Looking at your first figure, the answer seems to be yes! There’s a straightforward correlation between bodyweight and IGF-1 concentration, the slope would likely be higher without the 3 outliers on the right. Notice also that the sample doesn’t have many large breed dogs (great danes weigh 110-180 lbs). I would guess that those 3 dogs are large breed dogs, and they do in fact have IGF-1 levels higher than most of the dogs in the sample.
Now lets turn to the second plot, we see that IGF-1 concentration decreases with age. Remember that there is survivorship bias at higher ages, large breed dogs with higher IGF-1 will die at around 72 months while chihuahuas will live over 150 months. Declining IGF-1 with age is exactly what we should see if we expected IGF-1 to correlate with longevity! The plot supports the theory that IGF-1 is important for aging, you can’t cherry-pick outliers and ignore the overall relationship in the plot.
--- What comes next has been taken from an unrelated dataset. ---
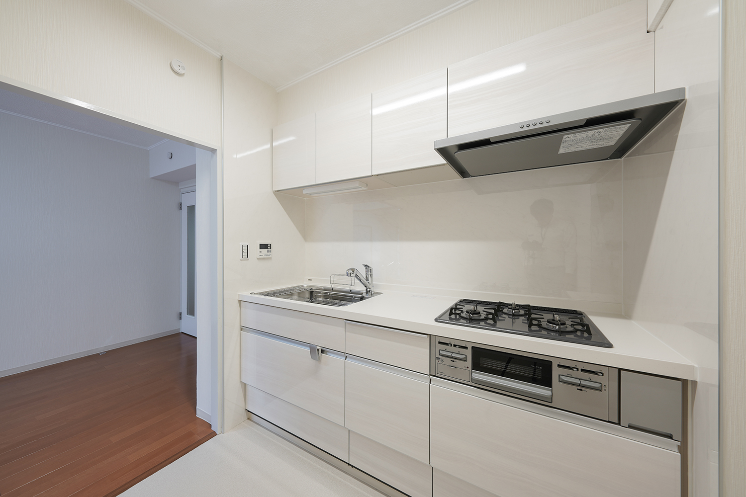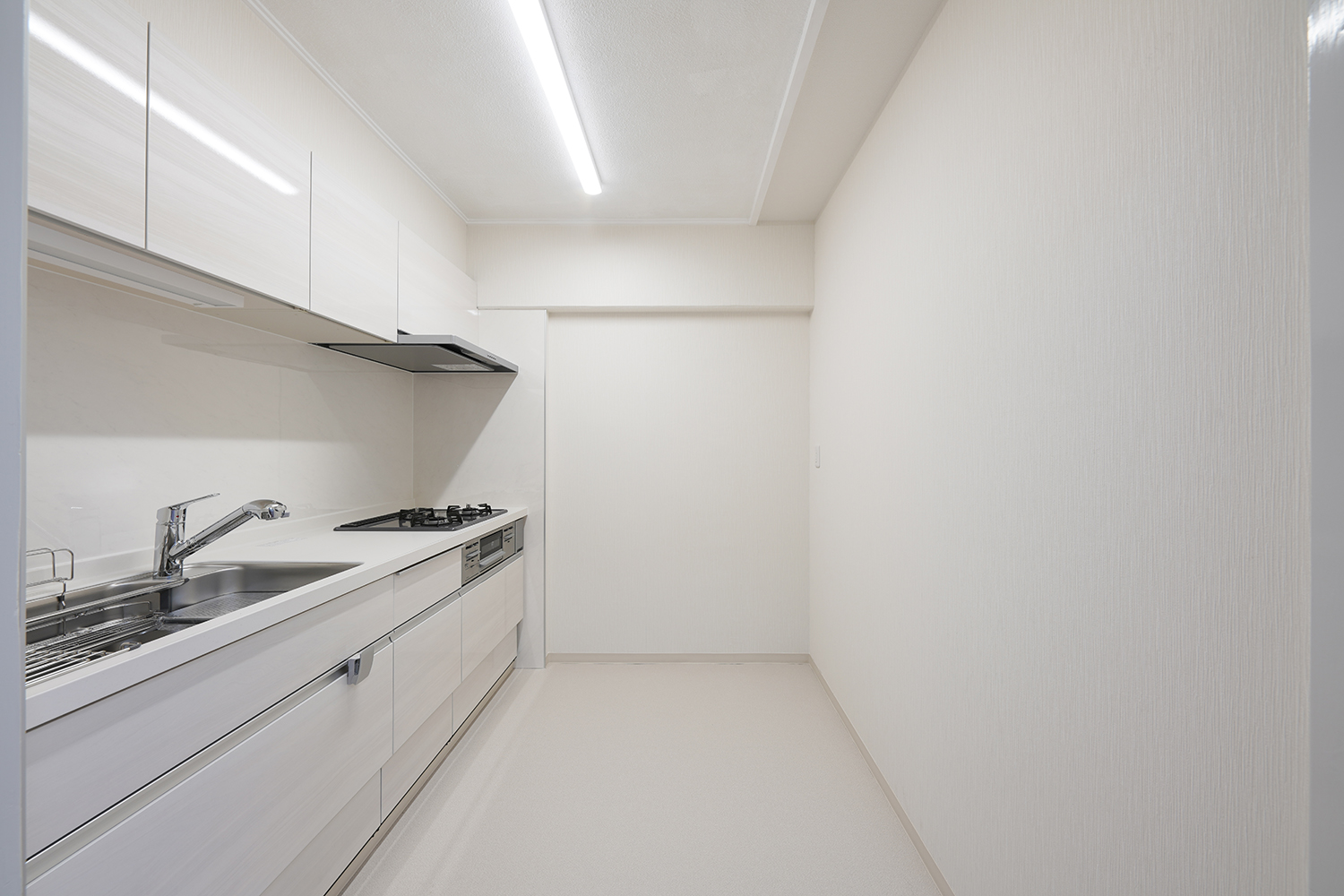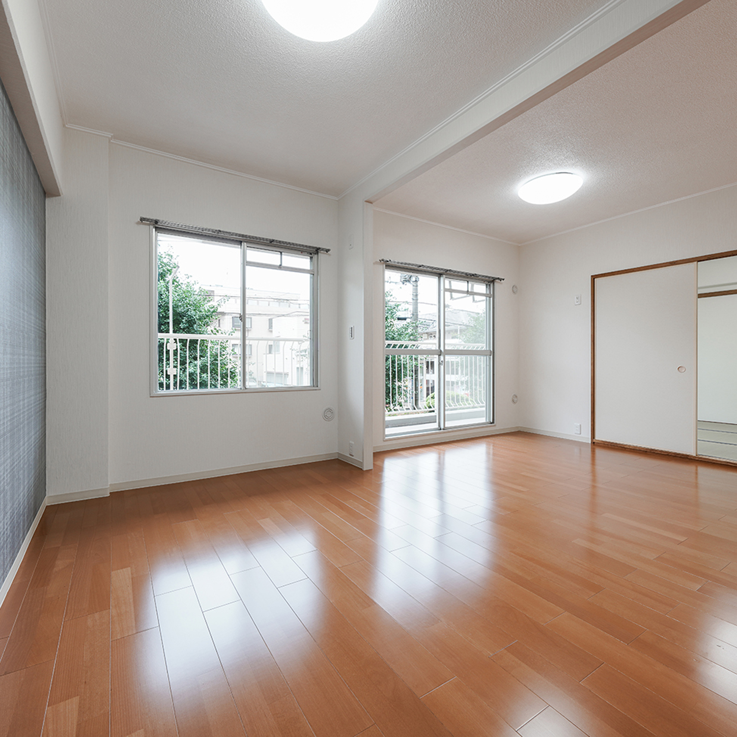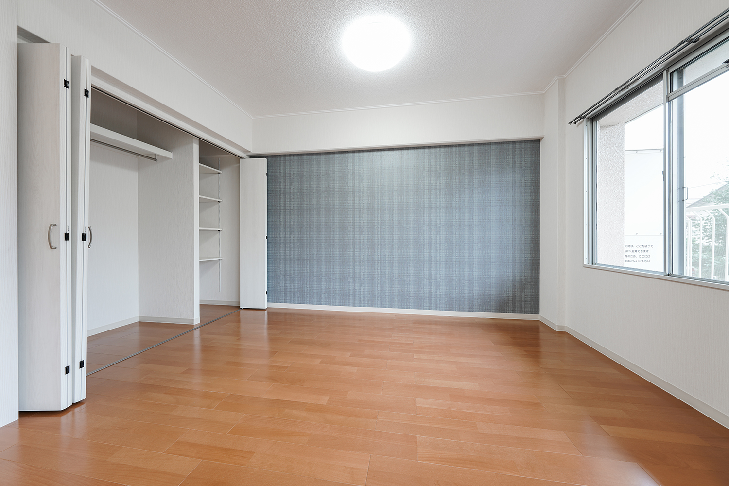 マンション一室のリフォーム工事のご紹介です。お部屋全室、天井・壁のクロスの貼り替え、床材の上張り、照明や建具の交換を行いました。ナチュラルな色の木目が印象的で温かな空間になりました。

I’m no expert, but I think there’s interest in IGF-1 inhibitors for longevity. To quote Sarah Constantin:
I would guess this is one of the reasons Loyal had an interest in IGF-1 inhibitors from the outset.
The dose makes the poison! Every drug has negative effects at a high enough dose, the trials will determine if these actually arise at the dose they are using.
I’m no expert, but this evidence doesn’t seem sufficient to stop research on this drug. Will it prove safe or effective? Will it also benefit human health? I have no idea, but unless we discover that the drug is hurting patients, I think its fine for Loyal to carry on.